**REQUIREMENT:** Every record gets copied exactly, and no picture goes with it.

══════════

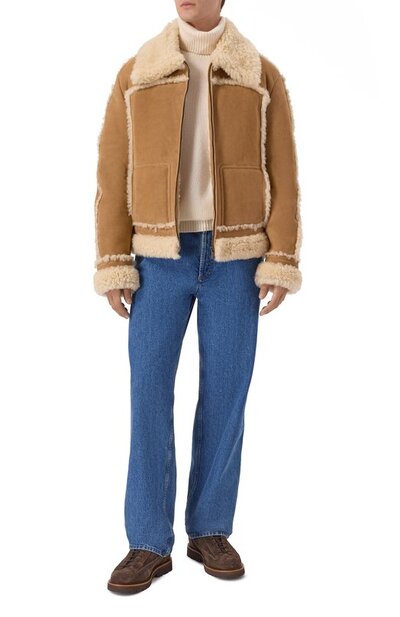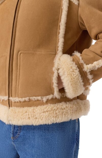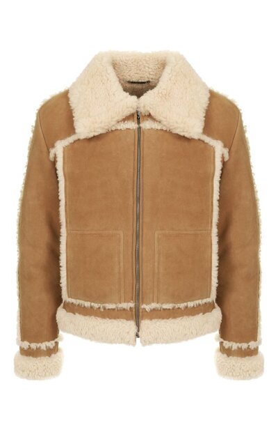 Укороченную дубленку на молнии выполнили из овчины. Пояс, манжеты, широкий воротник и швы подчеркнули контрастным мехом. По бокам предусмотрели крупные карманы.
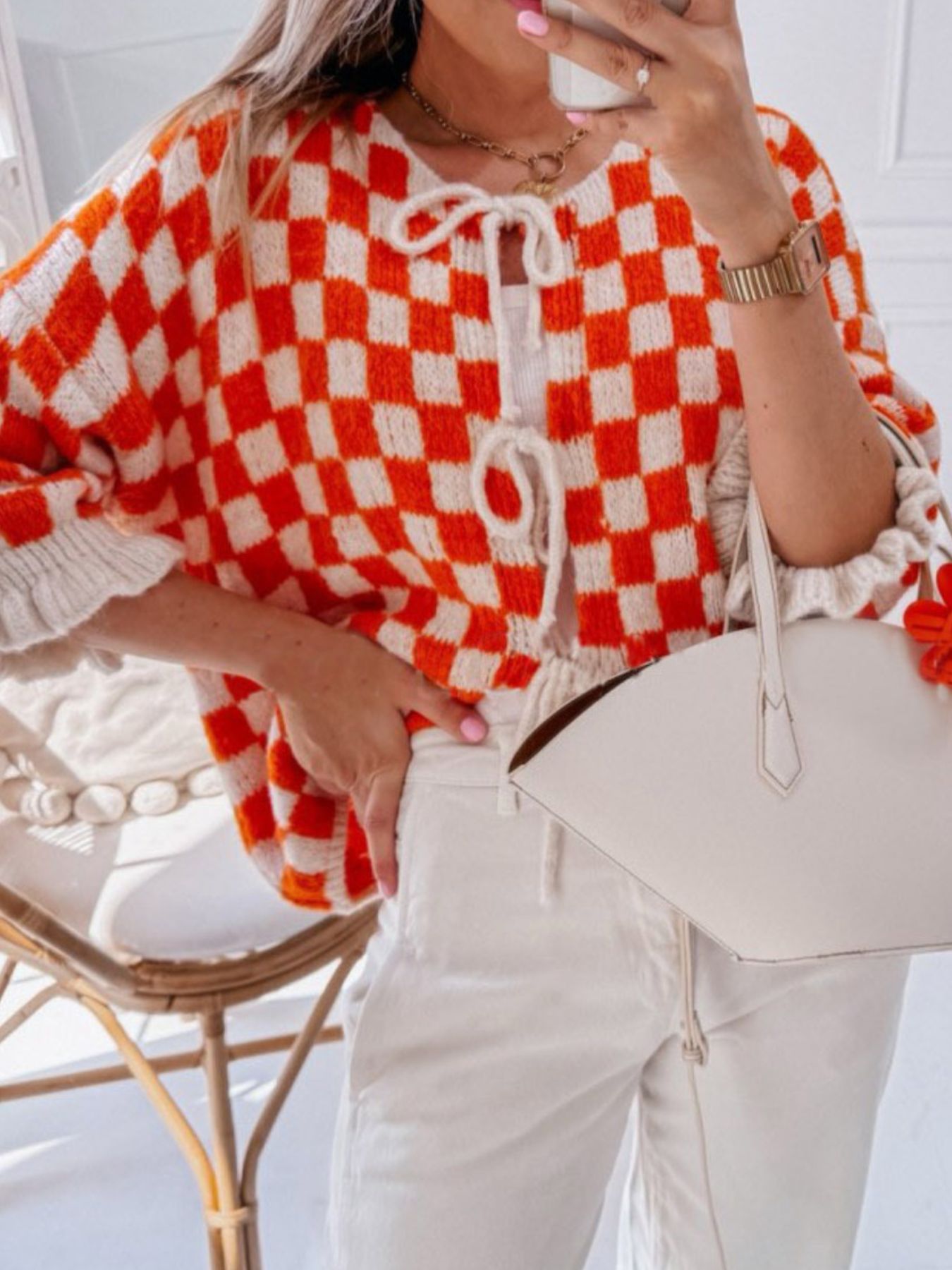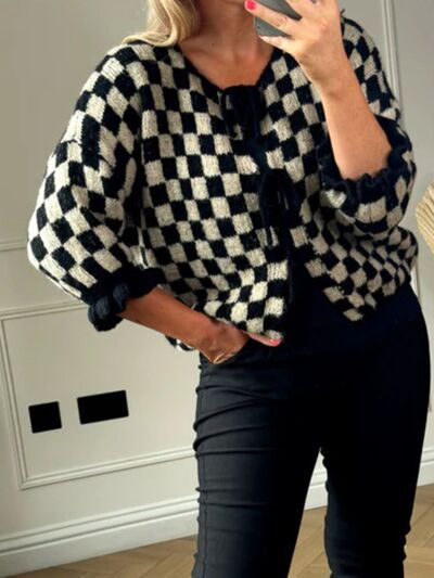 Checkered Tie-Front Knit Cardigan
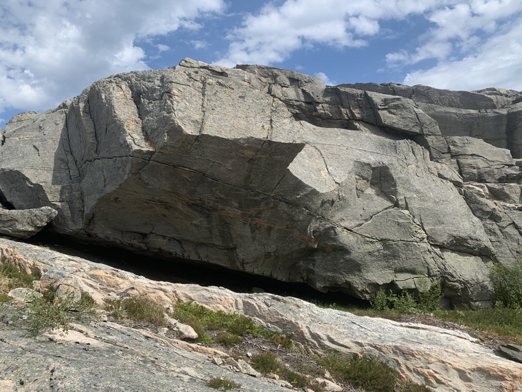 Sit start (not crouch). Climb up to the crack and lip, then traverse left, through the thin crack splitting the rock, then finish straight up. Morpho on finger size. Probably easier if you have small fingers
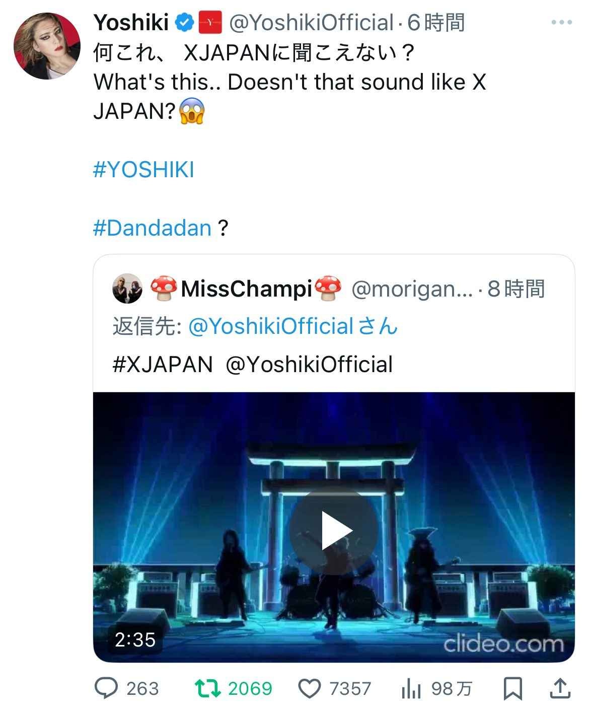 - ダンダダンの作者は分かっててYOSHIKIをお囃子とか言って茶化してバカにしてたから単なるパクリパクられじゃなくて明確な誹謗中傷だよ
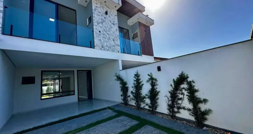 Geminado: Com 4,70 metros de abertura, 10 metros de frente e 08 metros de fundo, em uma planta muito bem distribuída em 133,76m² de área construída e 139,13m² de área total, este imóvel se destaca pela modernidade, sofisticação e conforto proporcionado pela excelente disposição dos espaços. Conta com uma garagem espaçosa com capacidade para até 02 carros, sendo 01 vaga coberta e uma vaga 01 descoberta. Possui uma ampla área social com sala de estar, jantar, cozinha conjugadas e lavanderia privativa e lavabo, conta também com um aconchegante jardim com churrasqueira a carvão. No piso superior possui 03 amplos quartos, sendo eles 03 suítes. O imóvel conta com infraestrutura para ar-condicionado, massa corrida, rebaixo em gesso, porcelanato na parte inferior e vinílico na parte superior, e toda iluminação já prontinha.
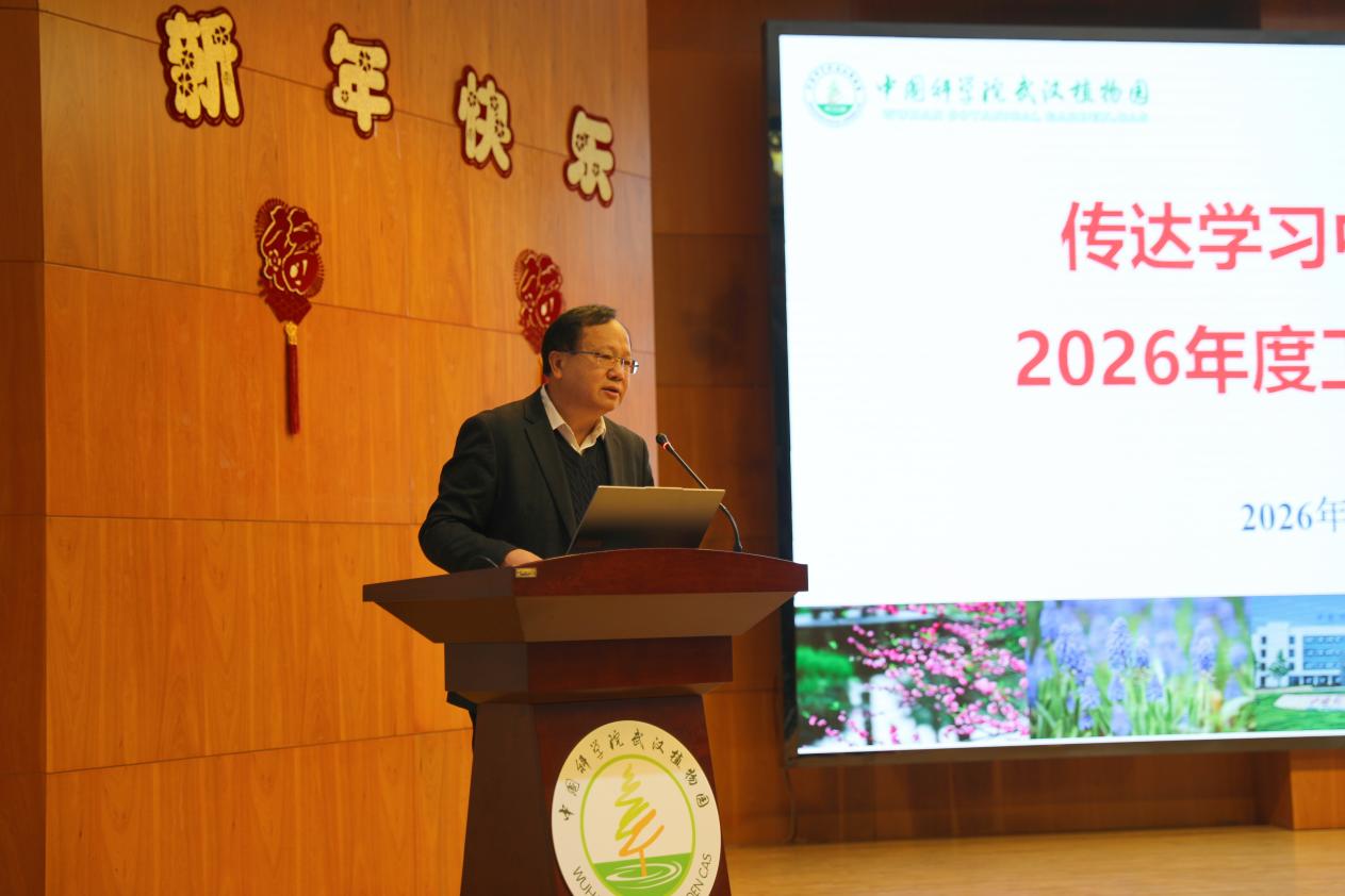 2026年2月11日,武汉植物园召开2026年度院工作会议精神传达暨2025年度总结表彰会。园领导班子成员,党委委员、纪委委员,党支部书记,研究中心负责人,中层干部,科研及管理骨干代表、离退休代表等参加会议。会议由副主任黄伟主持。
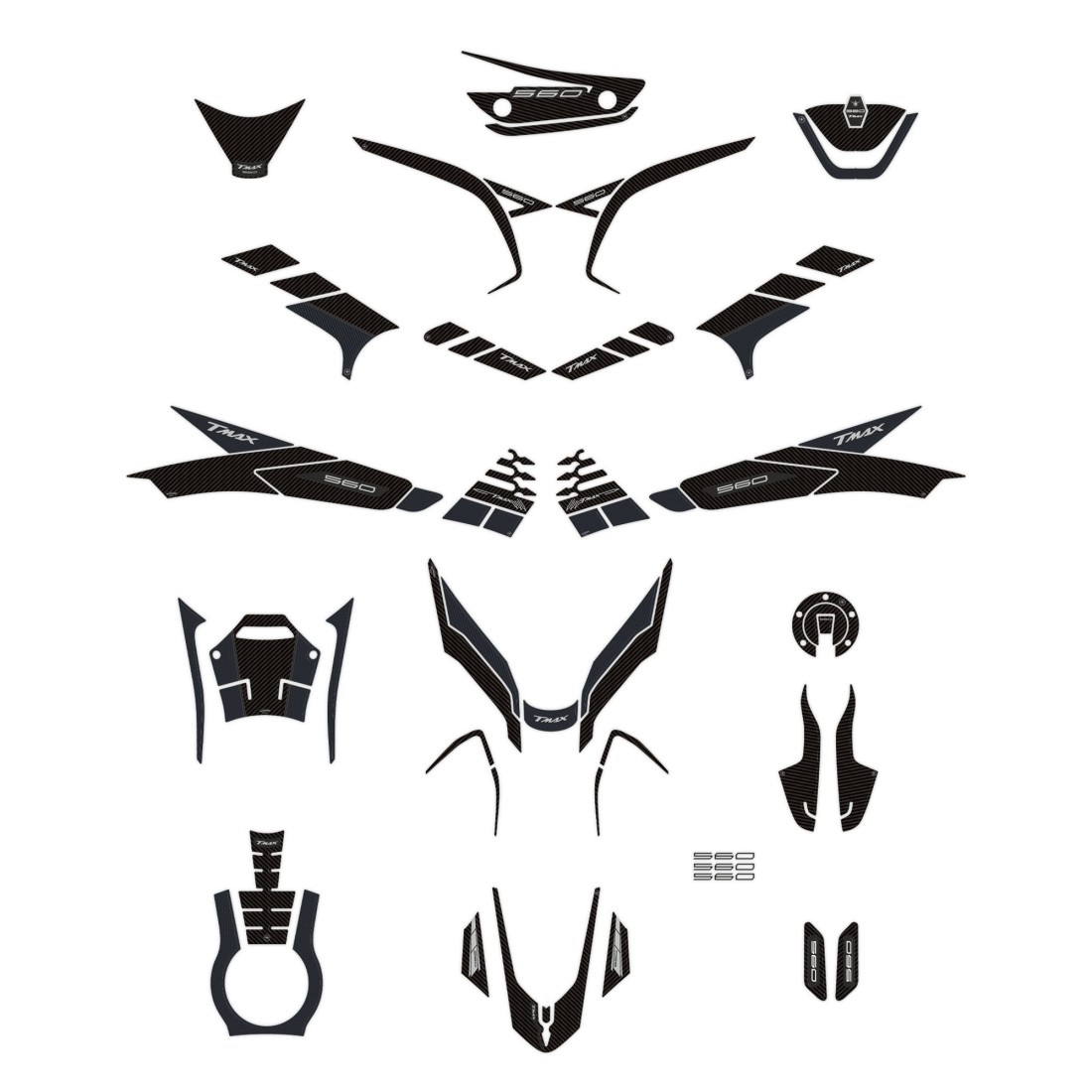 Kit de gráficos adhesivos para Yamaha Tmax 560 2022 compuesto por 16 pegatinas de resina:
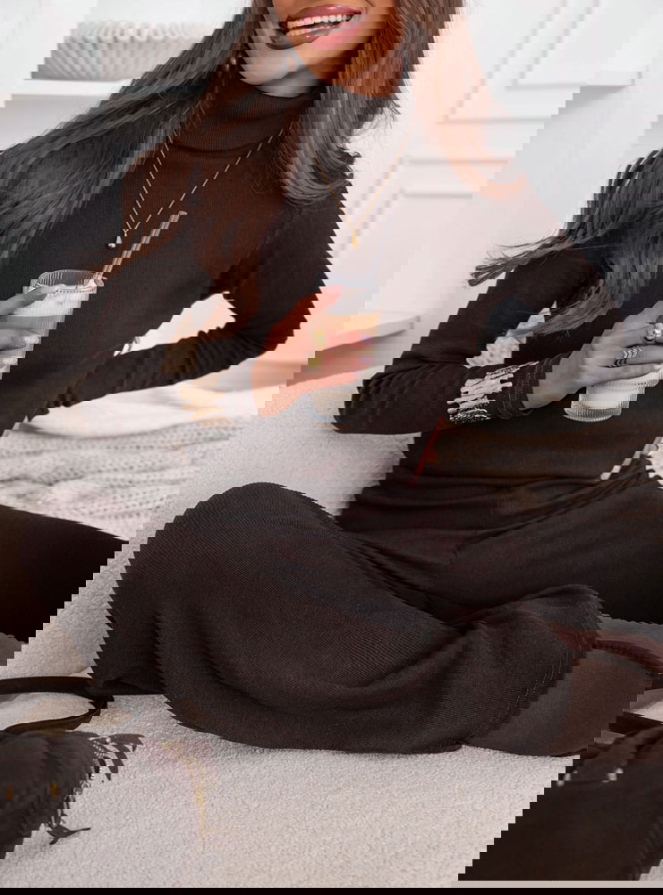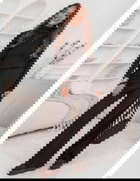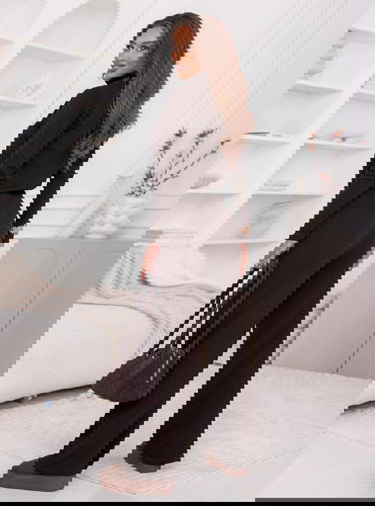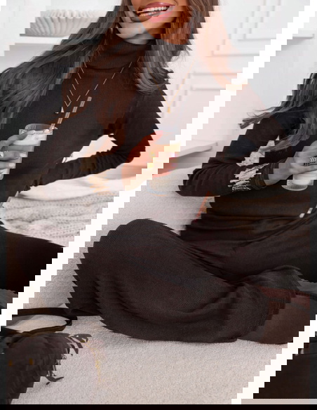 Czekoladowy komplet bluzka z golfem i szerokie spodnie Kimbree to połączenie klasy i wygody, które sprawdzi się w każdej sytuacji. Jego miękka dzianina i dopracowany krój gwarantują pełen komfort noszenia. Ciepły kolor pięknie komponuje się z jesienno-zimową paletą barw. Bluzka z golfem otula szyję, a szerokie spodnie dodają całości eleganckiego luzu. To idealny zestaw dla kobiet ceniących minimalizm i ponadczasową estetykę. Komplet można nosić razem lub osobno – zawsze wygląda doskonale. Stylowy, kobiecy i niezwykle wygodny – to propozycja, w której poczujesz się wyjątkowo każdego dnia.
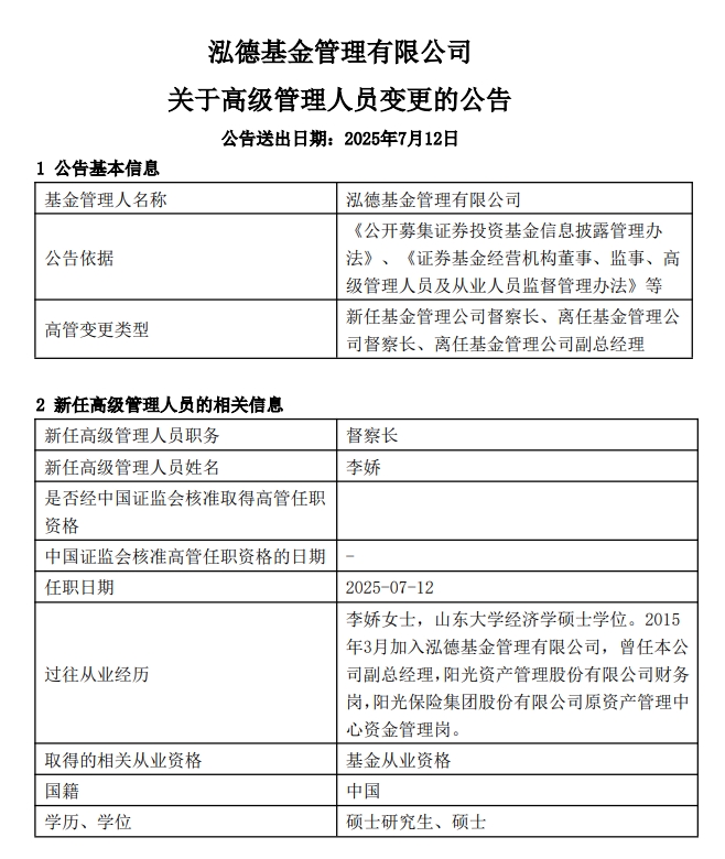7月12日,泓德基金管理有限公司(下称“泓德基金”)发布高级管理人员变更的公告,任职超过10年的督察长李晓春正式退休,李娇离任副总经理,转任督察长。

══════════

**ANSWER TO THIS PROBLEM:**
 Укороченную дубленку на молнии выполнили из овчины. Пояс, манжеты, широкий воротник и швы подчеркнули контрастным мехом. По бокам предусмотрели крупные карманы.
 Checkered Tie-Front Knit Cardigan
 Sit start (not crouch). Climb up to the crack and lip, then traverse left, through the thin crack splitting the rock, then finish straight up. Morpho on finger size. Probably easier if you have small fingers
 - ダンダダンの作者は分かっててYOSHIKIをお囃子とか言って茶化してバカにしてたから単なるパクリパクられじゃなくて明確な誹謗中傷だよ
 Geminado: Com 4,70 metros de abertura, 10 metros de frente e 08 metros de fundo, em uma planta muito bem distribuída em 133,76m² de área construída e 139,13m² de área total, este imóvel se destaca pela modernidade, sofisticação e conforto proporcionado pela excelente disposição dos espaços. Conta com uma garagem espaçosa com capacidade para até 02 carros, sendo 01 vaga coberta e uma vaga 01 descoberta. Possui uma ampla área social com sala de estar, jantar, cozinha conjugadas e lavanderia privativa e lavabo, conta também com um aconchegante jardim com churrasqueira a carvão. No piso superior possui 03 amplos quartos, sendo eles 03 suítes. O imóvel conta com infraestrutura para ar-condicionado, massa corrida, rebaixo em gesso, porcelanato na parte inferior e vinílico na parte superior, e toda iluminação já prontinha.
 2026年2月11日,武汉植物园召开2026年度院工作会议精神传达暨2025年度总结表彰会。园领导班子成员,党委委员、纪委委员,党支部书记,研究中心负责人,中层干部,科研及管理骨干代表、离退休代表等参加会议。会议由副主任黄伟主持。
 Kit de gráficos adhesivos para Yamaha Tmax 560 2022 compuesto por 16 pegatinas de resina:
 Czekoladowy komplet bluzka z golfem i szerokie spodnie Kimbree to połączenie klasy i wygody, które sprawdzi się w każdej sytuacji. Jego miękka dzianina i dopracowany krój gwarantują pełen komfort noszenia. Ciepły kolor pięknie komponuje się z jesienno-zimową paletą barw. Bluzka z golfem otula szyję, a szerokie spodnie dodają całości eleganckiego luzu. To idealny zestaw dla kobiet ceniących minimalizm i ponadczasową estetykę. Komplet można nosić razem lub osobno – zawsze wygląda doskonale. Stylowy, kobiecy i niezwykle wygodny – to propozycja, w której poczujesz się wyjątkowo każdego dnia.
7月12日,泓德基金管理有限公司(下称“泓德基金”)发布高级管理人员变更的公告,任职超过10年的督察长李晓春正式退休,李娇离任副总经理,转任督察长。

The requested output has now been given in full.